Railsr, the fintech formerly known as Railsbank, raises $46 million • TechCrunch

Integrated banking has seen heartbreaking growth in recent years as businesses have turned to APIs to integrate financial services such as credit, payments, and deposits to increase revenue. Today, with the tech finance landscape in turmoil, a company in the integrated finance market has launched a growth cycle that underscores the pressure being felt in this particular area of ​​fintech.

Railsr, the London-based startup that changed its name from Railsbank earlier this year, raised $46 million, a Series C that comes in the form of $26 million in equity and $20 million in debt. The equity share is an inside round, meaning all regular investors, with Anthos Capital leading and Ventura, Outrun Ventures, CreditEase and Moneta also participating. Mars Capital has provided the debt, which CEO and co-founder Nigel Verdon says will be used for the same purposes as equity, but at a lower cost. “Stocks are expensive right now,” he said.

The company does not disclose its exact valuation: Verdon called it “fair value” for the current market and indirectly confirmed that it was down from its Series B a year ago, when it had raised $70 million (also led by Anthos), and Verdon said its valuation was approaching $1 billion, describing it as a “quasi-unicorn”.

“It’s definitely not last year’s valuation,” he said of today’s Serie C. “Prices have dropped dramatically.”

The business is not yet profitable, Verdon noted in a statement today, describing this cycle as “an important milestone on our road to profitability.”

The state of the market, it seems, is not far off from the state of Railsr itself. Its home market currency, the pound, has been shaken against the dollar and many believe the world is on course for a wider recession. Buying activity is slowing at the macro level, even when there are still opportunities to serve customers, even in a more bearish mood.

This all plays out positively and negatively for Railsr.

Verdon said Railsr had suffered a series of layoffs, cutting its workforce earlier this year by around 14%, or 70 people. It has also reduced its operations in South East Asia and Australia, where it now has a “skeletal team” and instead focuses on business in the UK and Europe. “The playbook focuses on our strengths,” he said.

On the other hand, the company appointed a new president, Rick Haythornthwaite, the former president of Mastercard, and revenues increased by 50% in the first half of the year, with growth, albeit less, expected for the second half, the figures according to Verdon being lower. previous projections but still going in the right direction.

Its number of customers, meanwhile, now stands at 300, up from 220 a year ago, who use Railsr’s APIs to power credit, credit cards, loyalty and more traditional banking services. .

The verticals it targets include businesses in the retail, venues, sports and events sectors; as well as other fintechs. It may seem strange that a fintech does not create its own fintech services, but usually it is because the company can focus more on other areas like insurance or payroll and use integrated financial services to expand rapidly into adjacent areas that are not their core. skill. In the case of more direct banking service providers, such as neobanks, the business may focus on personalization and customer service. The bank thus becomes a basic (almost commoditized) product that is easier and faster to integrate with an API rather than starting from scratch.

Railsr cites Wagestream, Aviva and racing car brand McLaren (via QtmPay) as case studies on its site, and also notes that HelloCash, Sodexo and Payine are customers. Partners to provide services and integrations include AWS, Salesforce, Visa, MasterCard and Plaid.

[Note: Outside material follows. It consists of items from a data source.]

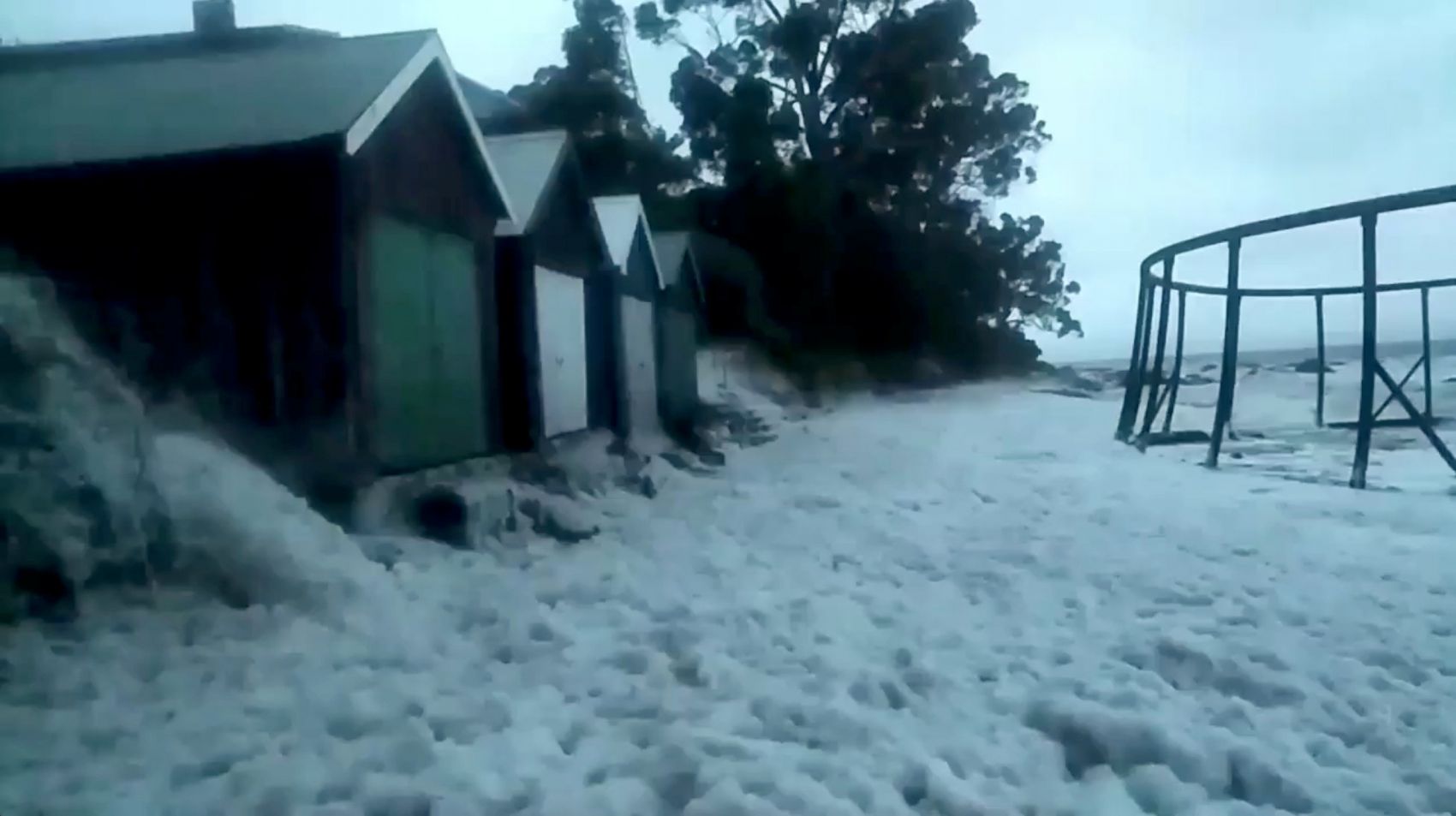 Buildings affected by a flood along the shore at Taroona, Tasmania, seen in this image obtained from a social media video taken on May 11, 2018.
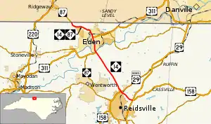 The four roads pass through eastern Eden as Van Buren Road along a commercial strip as a five-lane arterial road. It interchanges with Meadow Road at a partial cloverleaf interchange, where US 311 and NC 770 exit off to the east and NC 700 begins east. NC 14 and NC 87 narrow to two lanes and begin to curve to the west, intersecting many of the city's streets and paralleling the Smith River. Northwest of the city, the road intersects a former alignment of NC 87. At the Virginia state line, NC 87 and NC 14 end and the road becomes VA 87 to continue to Ridgeway, Virginia, south of Martinsville, Virginia.[1][2]
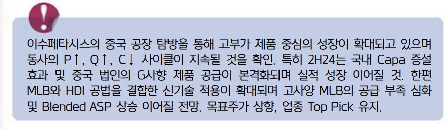 이수페타시스는 최근 중국 공장 탐방을 통해 고부가 제품 중심의 성장을 확인했음. 특히, 2024년 하반기부터 국내 생산 능력(Capa) 증설과 중국 법인의 G사향 제품 공급이 본격화될 것으로 전망됨. MLB와 HDI 공법을 결합한 신기술 적용 확대와 함께 고사양 MLB의 공급 부족이 심화되며 Blended ASP 상승이 이어질 것으로 보임. 목표주가 상향, 업종 Top Pick 유지.
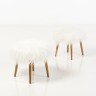 Travail danois Paire de tabourets Bois et peau de mouton Date de création : vers 1950 H 48 × Ø 51 cm
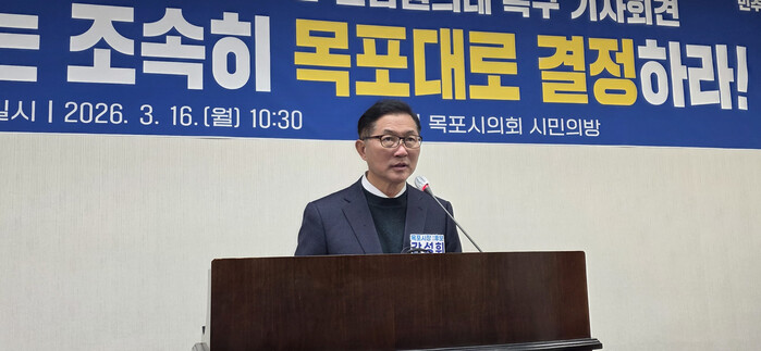 강성휘 예비후보는 16일 목포시의회 시민의방에서 기자회견을 열고 “전남 국립의과대학 정원 100명이 확정되고 2030년 개교가 전망되는 상황에서 이제 남은 것은 의과대학과 대학병원의 입지를 결정하는 일”이라며 “교육부가 전남 국립의과대학을 목포대학교로 조속히 결정해야 한다”고 밝혔다.
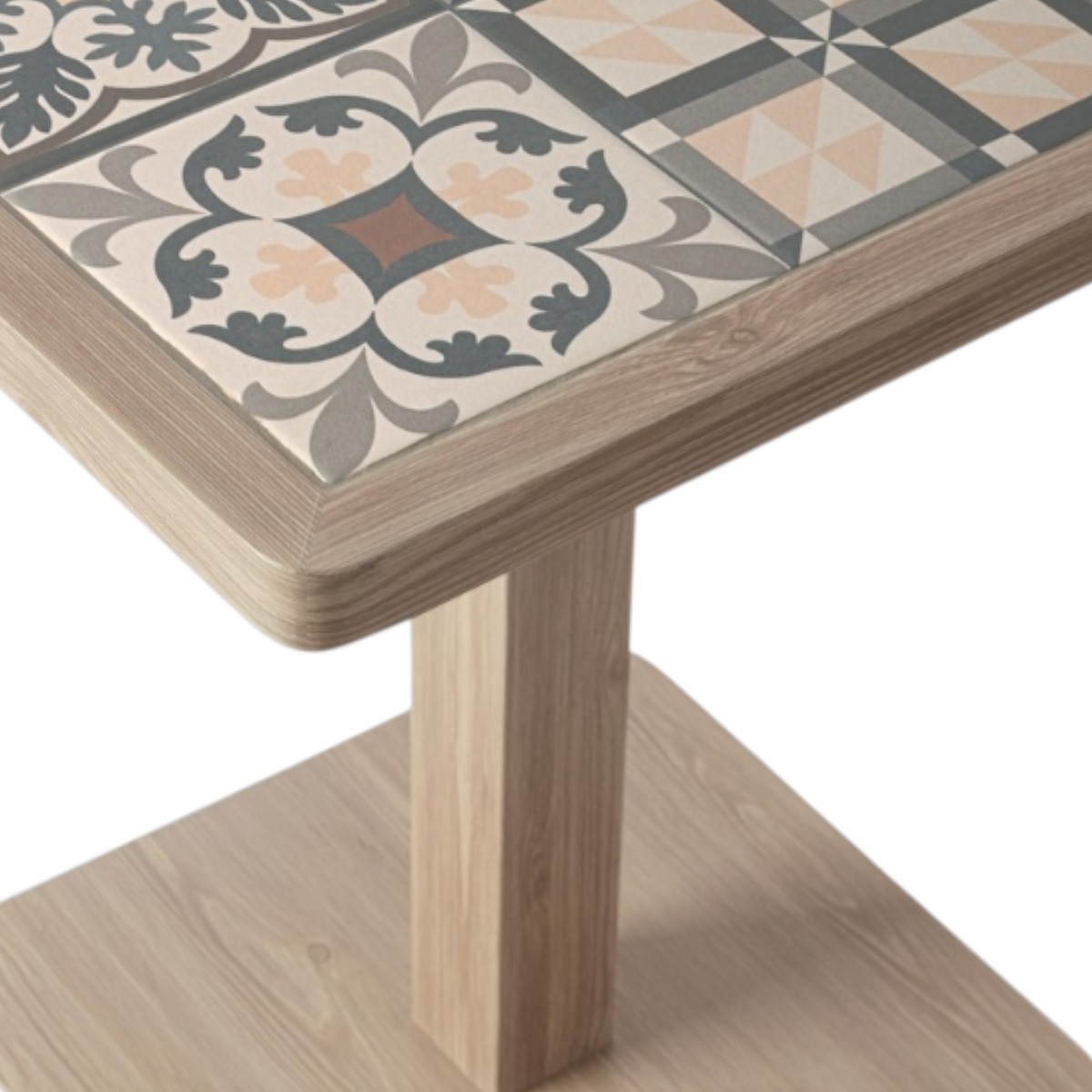 Su estructura combina un sobre con mosaico de porcelana esmaltada fabricada en España, que aporta carácter y fácil mantenimiento, con una columna central de aluminio recubierta con pintura en polvo de poliéster, pensada para soportar el uso al aire libre.

Embedded finance has generally been one of the most bullish areas of the financial services market, so much so that even current research that accounts for the state of the market appears to be positive for its growth. Railsr quotes data from Bain & Company earlier this month that integrated finance was powering some $2.6 trillion in financial transactions in the United States in 2021, and that this figure is expected to continue to grow, to exceed $7 trillion by 2026.

This is one of the reasons why existing investors are ready to back Railsr again.

“It has been a pleasure to see Railsr grow stronger as a challenger to old finance and a creator of the integrated financial economy,” said Meirav Harnoy, co-founder and managing partner of Moneta VC. “Railsr’s customers, technology and people have impressed me since I led the Series A investment round. I can’t wait to see what’s next.